### Activity:
For the records below, please print exactly and only the lines from the one with "Column Style is" down to the one with "[1月3日]材化学术论坛:武汉理工大学讲师罗雯学术报告", both ends included, omitting the pictures.

### Source records:
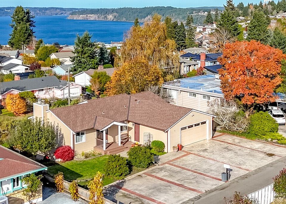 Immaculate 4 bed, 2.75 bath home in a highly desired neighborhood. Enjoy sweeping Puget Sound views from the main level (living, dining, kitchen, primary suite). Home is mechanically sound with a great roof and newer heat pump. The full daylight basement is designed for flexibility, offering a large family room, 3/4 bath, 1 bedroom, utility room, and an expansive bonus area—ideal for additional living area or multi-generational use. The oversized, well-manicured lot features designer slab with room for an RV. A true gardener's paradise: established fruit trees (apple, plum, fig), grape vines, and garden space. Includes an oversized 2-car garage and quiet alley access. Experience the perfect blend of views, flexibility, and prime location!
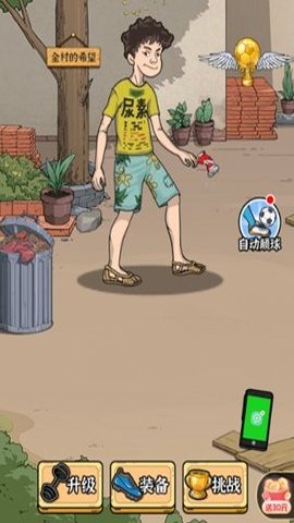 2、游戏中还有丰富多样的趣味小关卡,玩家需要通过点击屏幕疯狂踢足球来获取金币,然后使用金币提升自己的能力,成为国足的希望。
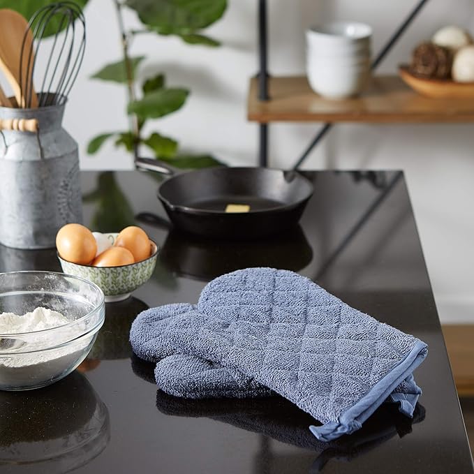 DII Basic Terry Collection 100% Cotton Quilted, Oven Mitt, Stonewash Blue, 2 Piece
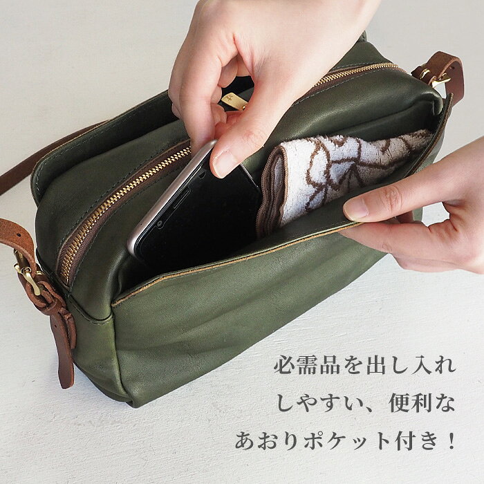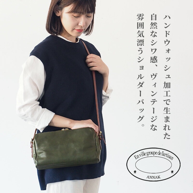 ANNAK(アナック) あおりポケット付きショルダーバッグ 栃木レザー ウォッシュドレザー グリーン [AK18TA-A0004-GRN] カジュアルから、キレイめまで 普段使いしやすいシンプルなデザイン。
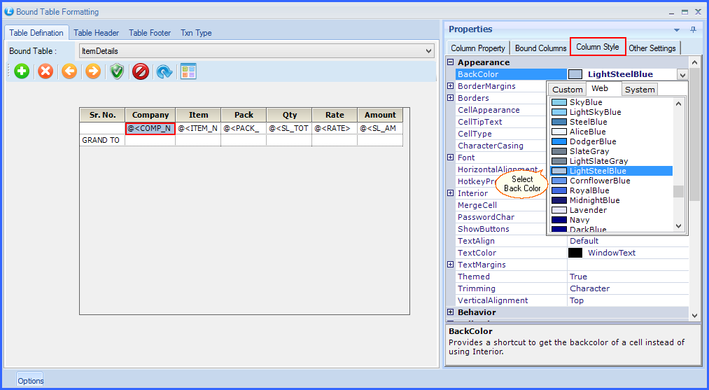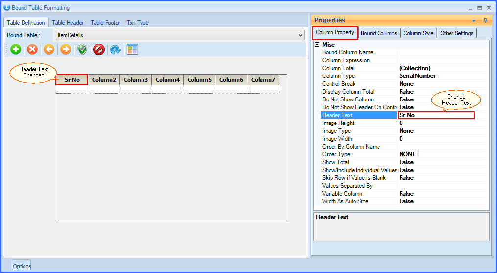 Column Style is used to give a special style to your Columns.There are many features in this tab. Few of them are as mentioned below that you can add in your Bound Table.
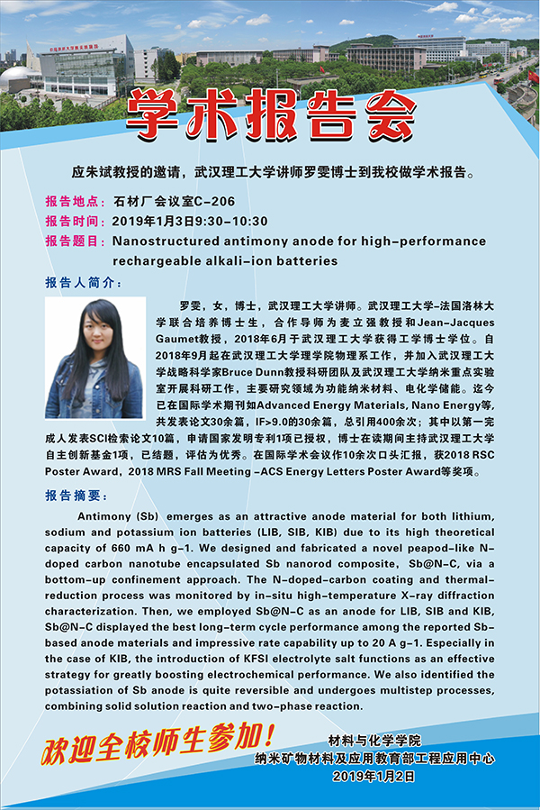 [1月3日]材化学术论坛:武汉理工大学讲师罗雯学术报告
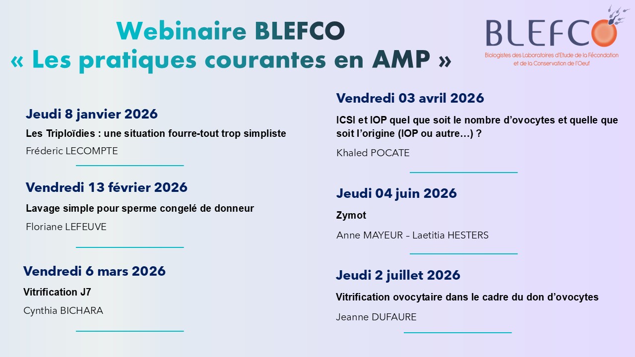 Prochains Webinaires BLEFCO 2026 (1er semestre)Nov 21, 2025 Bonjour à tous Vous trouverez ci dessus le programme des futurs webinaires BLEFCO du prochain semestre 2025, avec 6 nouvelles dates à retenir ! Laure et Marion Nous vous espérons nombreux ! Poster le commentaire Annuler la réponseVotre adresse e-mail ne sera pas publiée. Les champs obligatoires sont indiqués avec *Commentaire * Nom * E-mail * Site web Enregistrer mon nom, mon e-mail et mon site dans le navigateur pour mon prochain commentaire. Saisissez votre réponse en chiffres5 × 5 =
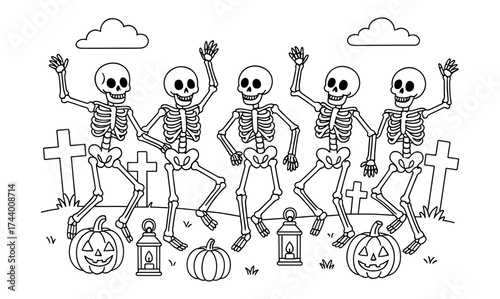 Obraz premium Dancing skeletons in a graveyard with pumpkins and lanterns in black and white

### Output for this task:
 Column Style is used to give a special style to your Columns.There are many features in this tab. Few of them are as mentioned below that you can add in your Bound Table.
 [1月3日]材化学术论坛:武汉理工大学讲师罗雯学术报告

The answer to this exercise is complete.